Table 1 Participants’ characteristics

The median severity scores and their inter-quartile ranges for all tested labels are displayed in Tables 2 and 3. As can be seen, ‘moderate’ and ‘severe’ were the best labels for the third and forth response options, respectively, for all dimensions. The labels of ‘slight’ and ‘only a little’ had similar median severity scores and both work with ‘moderate’ and ‘severe’. We decided to choose ‘only a little’ because it is a colloquial phrase understood by poorly educated persons. For the PD and AD dimensions, the label of ‘extreme’ had higher median scores than ‘severe’; however, 10 (20 %) and 8 (16 %) participants assigned ‘severe’ a higher (worse) score than ‘extreme’ when rating these labels for the PD and AD dimensions, respectively. In contrast, 6 (12 %) and 3 (6 %) participants rated ‘severe’ as worse than ‘very severe’ for the PD and AD dimensions, respectively. Given this result and that ‘very severe’ and ‘extreme’ had similar severity scores (Table 3), we decided to choose ‘very severe’ as the label for the worst level of PD and AD. The selected labels were similar to their counterparts in the English and Spanish EQ-5D-5L in median severity scores (Fig. 1). The wording of the recommended Chinese EQ-5D-5L is displayed in the Appendix.
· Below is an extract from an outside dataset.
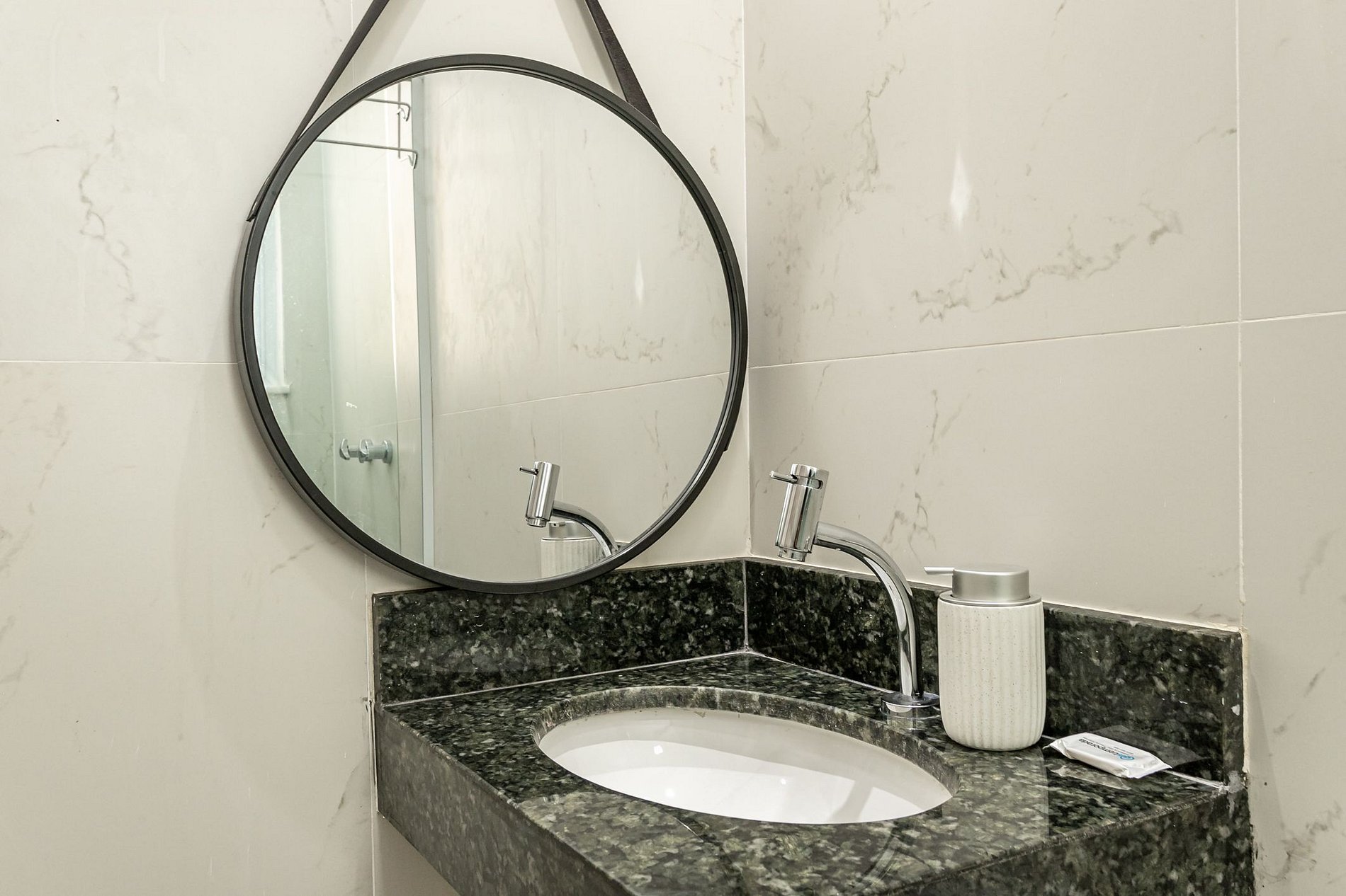 Banheiro social completo, equipado com chuveiro, espelho e itens de higiene. A limpeza segue o padrão Yes Temporada.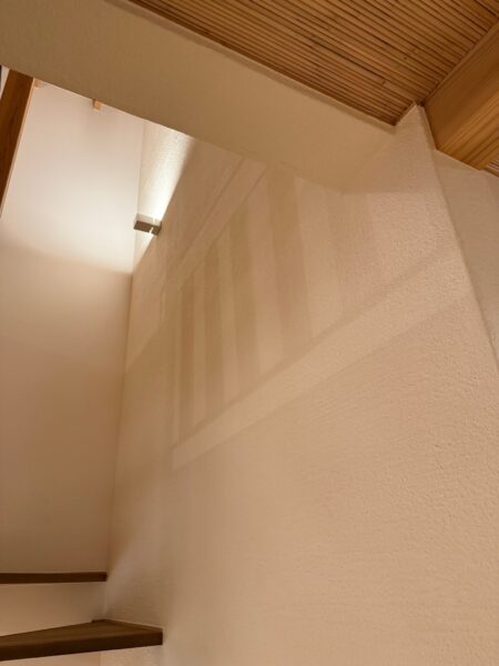 太陽光が気持ち良く入り、室内が明るい日中ももちろん素敵ですが、暗くなり灯り溜まりや陰影ができる夜の空間もとても綺麗です。照明の位置や明るさ、色味によって、木の質感や漆喰壁の表情がやわらかく浮かび上がり、昼とは違う落ち着いた時間を演出してくれます。

Table 2 Median (inter-quartile range) severity scores for labels for functional dimensions of EQ-5D-5L
Table 3 Median (inter-quartile range) severity scores for labels for symptom dimensions of EQ-5D-5L
Fig. 1
figure 1

Median (inter-quartile range) ratings of label wording of the Chinese, English, and Spanish versions of the EQ-5D-5L descriptive system. Horizontal bars inside the diamonds represent medians and tips are 25th and 75th percentiles


In this study, we developed a Chinese version of the EQ-5D-5L using a standard protocol developed by the EuroQol Group and found that the label wording of response scales in the new and two existing language versions of the instrument have similar interpretations.

The Chinese EQ-5D-5L we developed is semantically different from its English counterpart in the label wording for level-2 problems (‘only a little’ vs. ‘slight’) for all dimensions and level-5 problems (‘very severe’ vs. ‘extreme’) for the dimensions of PD and AD. The Chinese label of ‘only a little’ was selected because it is a widely used phrase in everyday conversation. Use of colloquial language is important as China has an illiterate population of 114 million [17], and the EQ-5D instrument is designed for both self-completion and interviews. The label ‘only a little’ was also preferred to ‘slight’ because there was less variability in scores for the former, as indicated by the inter-quartile ranges for the two labels (Tables  2 and 3). The Chinese label of ‘very severe’ is recommended as it would work better with the label of ‘severe’ to form an ordinal response scale for PD and AD. The Chinese label of ‘extreme’ was perceived by a sizable of respondents as less undesirable than ‘severe’, indicating that it was not well understood. Based on the median (inter-quartile range) scores (Table 3), ‘very severe’ represents a similar level of severity as ‘extreme’ and therefore can be used to substitute ‘extreme’ without affecting the interpretations of the scale.

Our study demonstrated that response scaling is a useful additional exercise for developing new instruments. However, only a few instruments, such as the SF-36 and WHOQOL, used the response scaling method to formally assess response options [14, 15]. Currently recommended procedures [18] emphasize achievement of semantic equivalence between source and target languages through review of forward and back translations. Such qualitative procedures can neither ensure nor assess scaling equivalence [19] or ordinality of the resultant response scales.

Our sample size was relatively small. However, this is consistent with most existing response scaling studies [11, 14, 15]. Also, our study did not include persons in very poor socio-economic status, since all participants were recruited from a shopping mall. Our plan is to further adapt and test the Chinese EQ-5D-5L developed in this study in Chinese populations outside China.

In conclusion, the Chinese version of the EQ-5D-5L comprises descriptors with similar interpretations as those used its English and Spanish counterparts. The response scaling exercise is a useful method for cross-cultural adaptation of health-status instruments.